At closing bell, the benchmark Hang Seng Index declined 1.93%, or 447.77 points, to 22,744.86, its lowest level since March 2020. The Hang Seng China Enterprises Index dropped 2.13%, or 175.26 points, to 8,042.74.

The People's Bank of China has cut one of the country's most important lending rates in a sign that the government is pushing ahead with policy easing measures to counter a loss of economic momentum. The central bank cut the one-year loan prime rate, which is widely used as a benchmark for the loans banks make to their customers, from 3.85% to 3.8%. The five-year loan prime rate remained unchanged from the prior month at 4.65%. Monday's rate cut was the first since April 2020, when the country was grappling with the initial outbreak of coronavirus.
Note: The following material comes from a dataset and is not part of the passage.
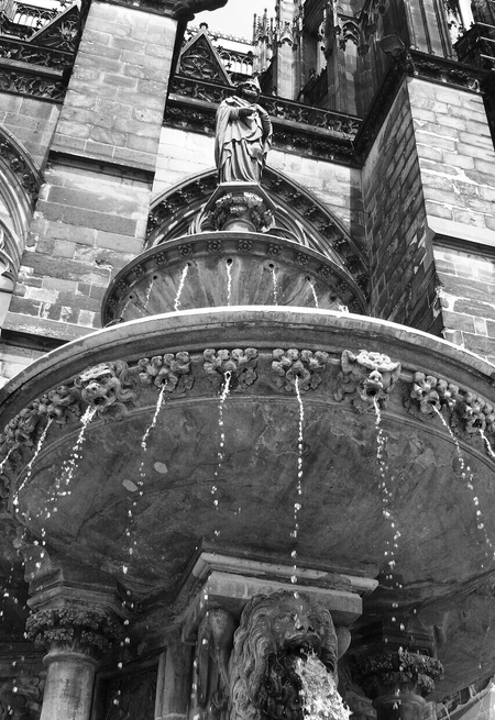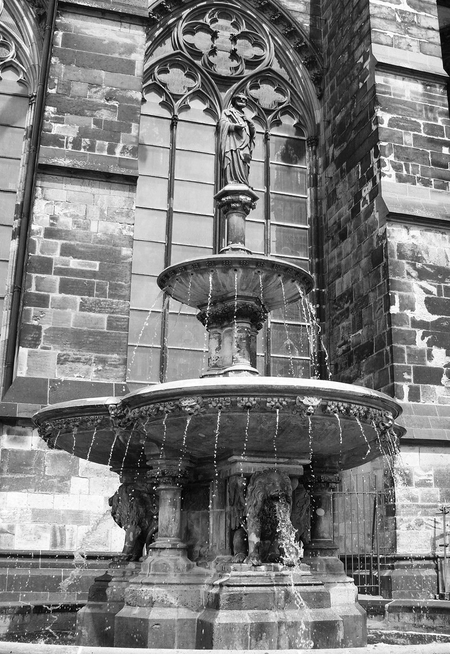 «Вначале фонтан был установлен возле восточной части собора. Он простоял без малого сто лет, пока в 1969 году его не перенесли на новое место, а в 1999 году совсем демонтировали. Затем лишь в 2010 году фонтан был установлен на Папской терассе, теперь уже на южной стороне Кёльнского собора». [8]

Shares of tech companies extended losses, as it bears the brunt of Beijing's regulatory crackdown. NetEase fell 4.9%. JD.com tumbled 4 per cent, while Alibaba and Tencent lost at least 2.1 per cent. Some index heavyweights in finance and tech sectors such as HSBC Holdings, AIA Group and Meituan were also closed down.

Shares of Chinese property developer dropped as China's first rate cut in nearly two years failed to soothe investors. Sunac China, Kaisa Group and Evergrande Group closed 17.8%, 14.1% and 9.9% lower, respectively.